Retype exactly the span of lines below from the one with "Модный кот с" through the one with "This image features". Do not include pictures.

%%

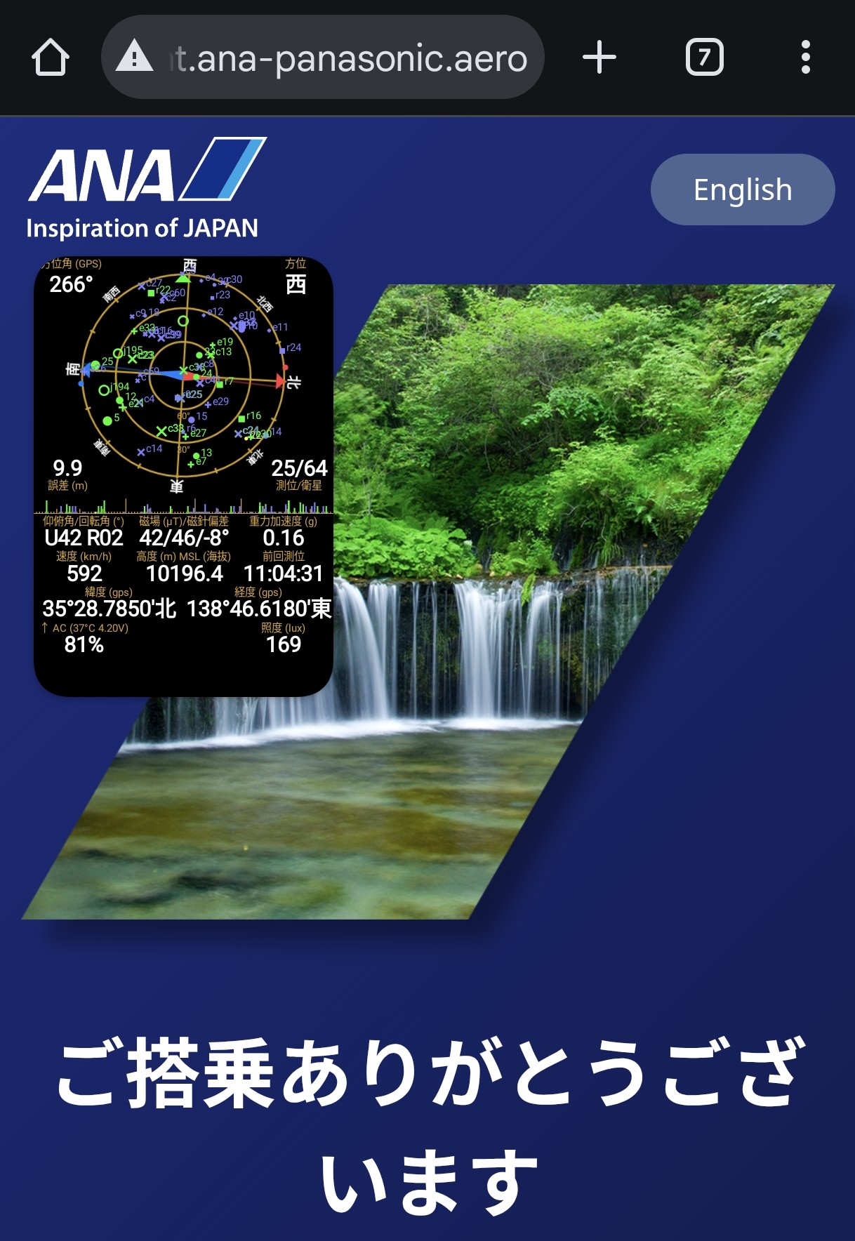 機内 WiFi でネット接続も可能でした。速度測定すると、結構良い数値が出るのですが・・・使っているアプリ上での反応はパケ詰まり頻発でモッサリって感じでした。とはいえ、ちょっとした動画閲覧くらいできる感じではあるので、使えるだけありがたい。とはいえ、往路はなぜかネット接続可能になるまで結構時間かかって、富士山付近まで行ってやっと接続可能に。そして、京都過ぎたあたりで早くも降下モードになって接続が切れましたので、利用可能な時間が短かったです。
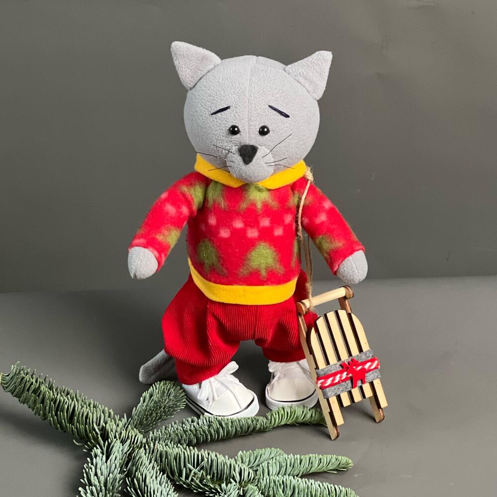 Модный кот с деревянными санками! Игрушка ручной работы, выполнено качественно и современно. Отличный подарок для ценителей кропотливого ручного труда и уюта. Отлично впишется в предпраздничную суету в любом доме) порадуйте близких с заботливым котиком!
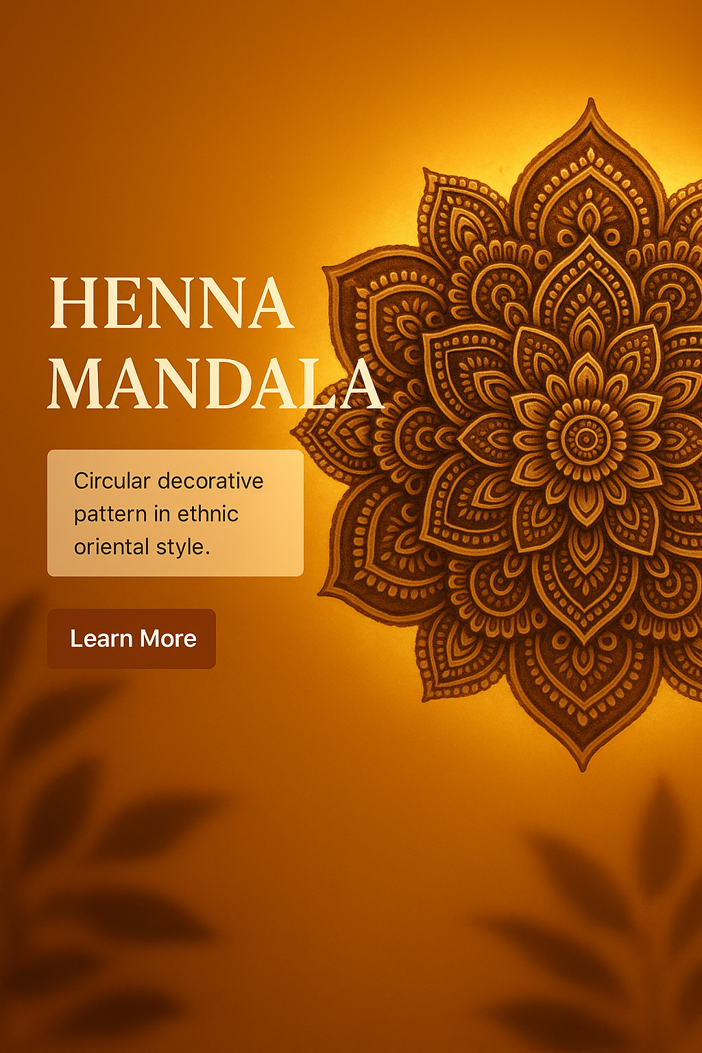 This image features a henna mandala pattern with a warm background, suitable for promoting artistic or cultural content. Ideal for social media or web banners.
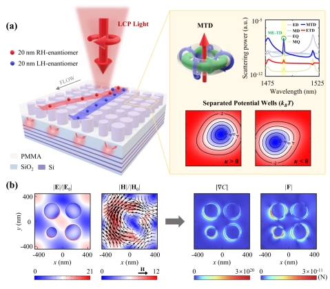 To address this, the team of professor Zhanshan Wang and Xinbin Cheng proposed a high-speed sorting method for nanoscale chiral particles by integrating enantioselective potential wells with a flow field. As illustrated in Figure 1, a mirror-enhanced toroidal dipole significantly amplifies the electromagnetic field above the metasurface, enhancing the chiral gradient force and thereby creating position-separated enantioselective potential wells. By introducing a fluid field to work in tandem with the enantioselective potential wells, a significant difference in the motion of the enantiomers is induced.
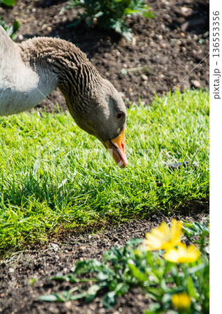 並んで歩くアヒルとガチョウ
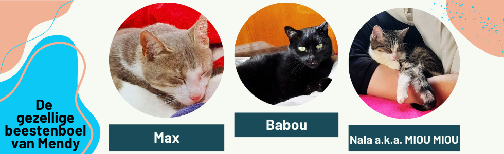Ik heb 3 katten, 1 chinchilla, 8 geiten, 3 kippen en 300 duiven. Op de foto hieronder zie je Mendy’s 3 katten: Max, Babou en Nala. Mendy noemt Nala meestal: ‘Miou Miou’ omdat ze een échte kletskous is, ze miauwt heel veel.
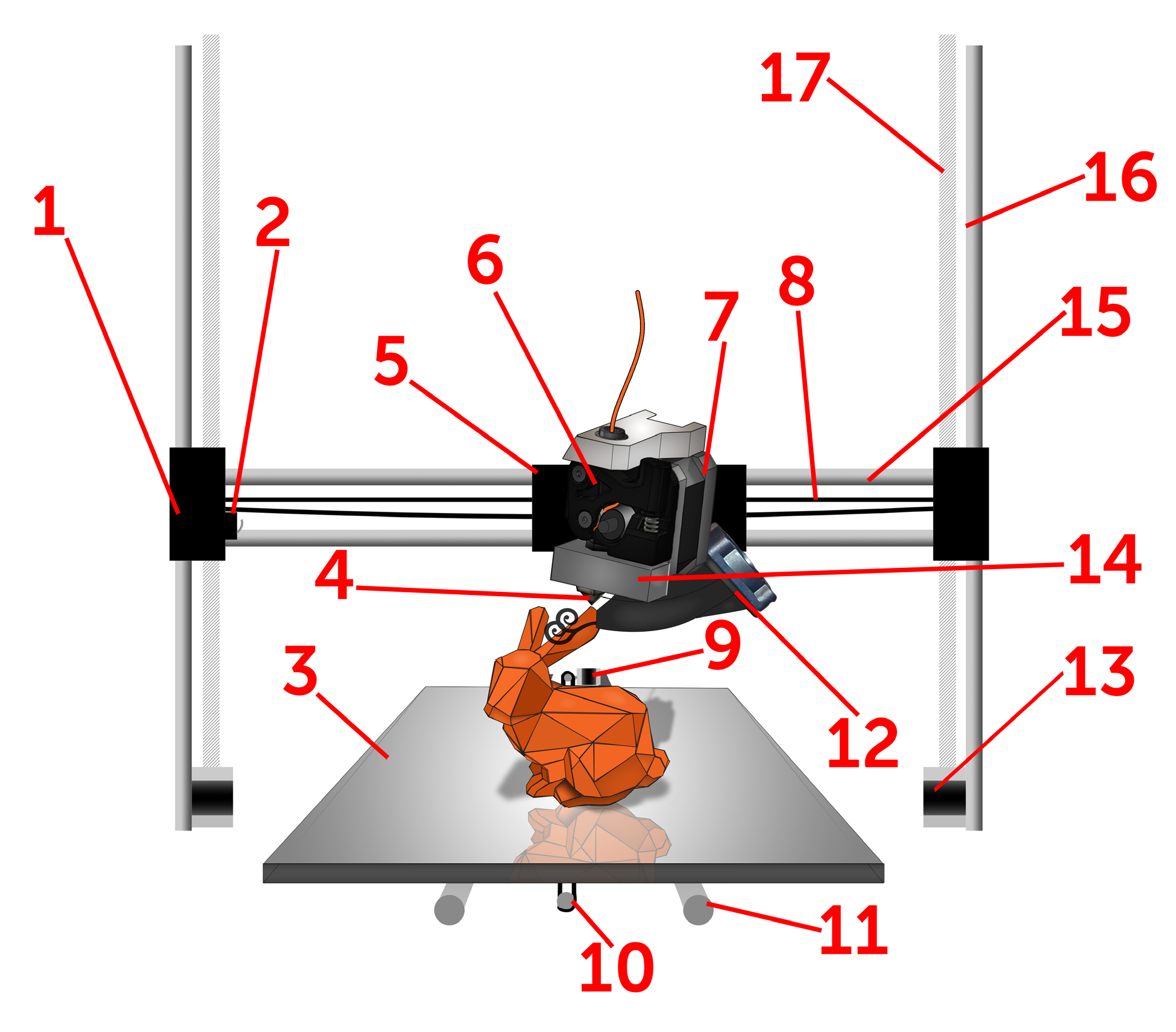 Carro Z: conecta-se tanto à haste Z quanto ao fuso roscado. O fuso gira com o motor de passo e move o carro X para cima e para baixo. Em máquinas Bowden, a extrusora muitas vezes fica montada aqui.
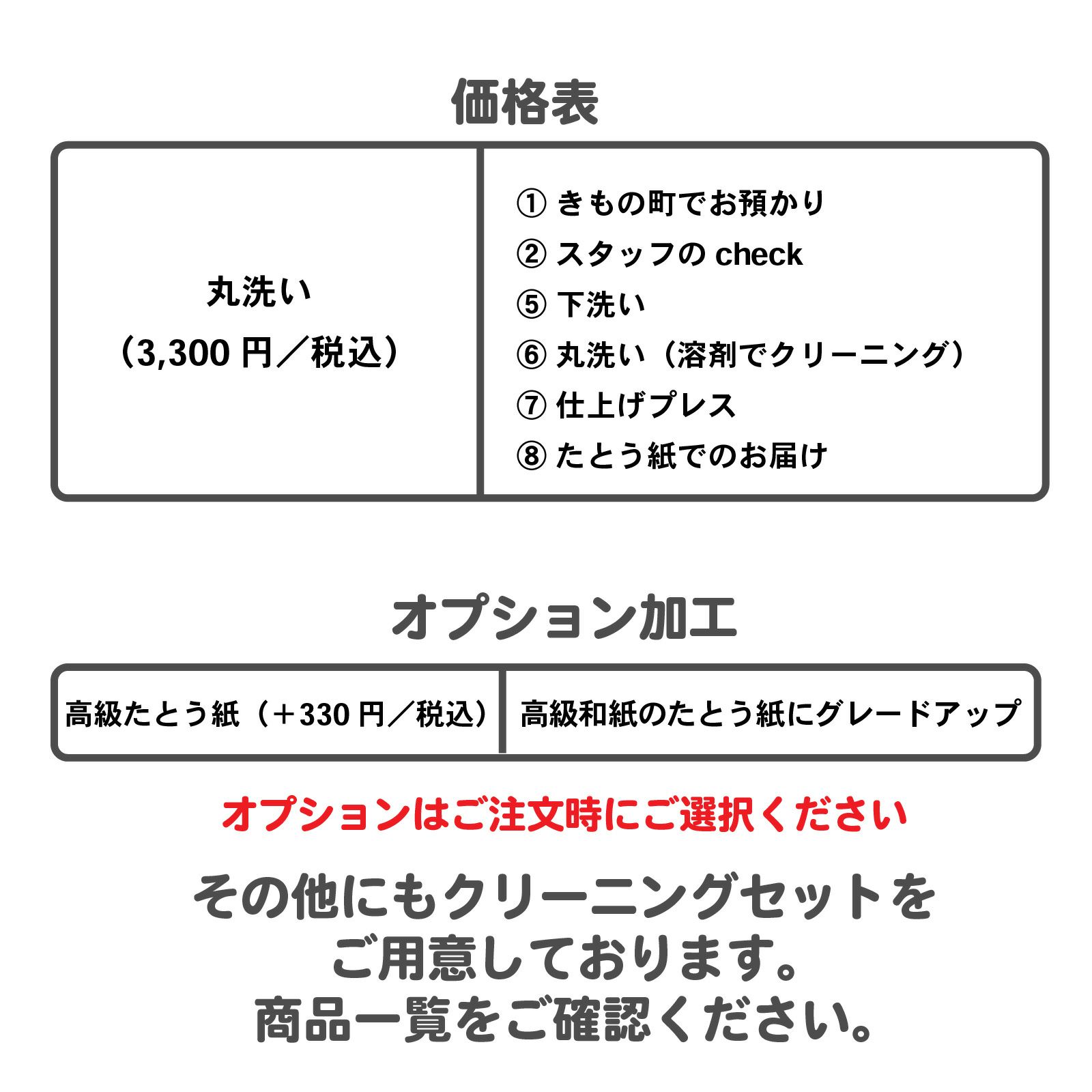 着物の種類問わず(着物1枚あたり)一律3,300円(税込)

%%

- [Problem solution]
 Модный кот с деревянными санками! Игрушка ручной работы, выполнено качественно и современно. Отличный подарок для ценителей кропотливого ручного труда и уюта. Отлично впишется в предпраздничную суету в любом доме) порадуйте близких с заботливым котиком!
 This image features a henna mandala pattern with a warm background, suitable for promoting artistic or cultural content. Ideal for social media or web banners.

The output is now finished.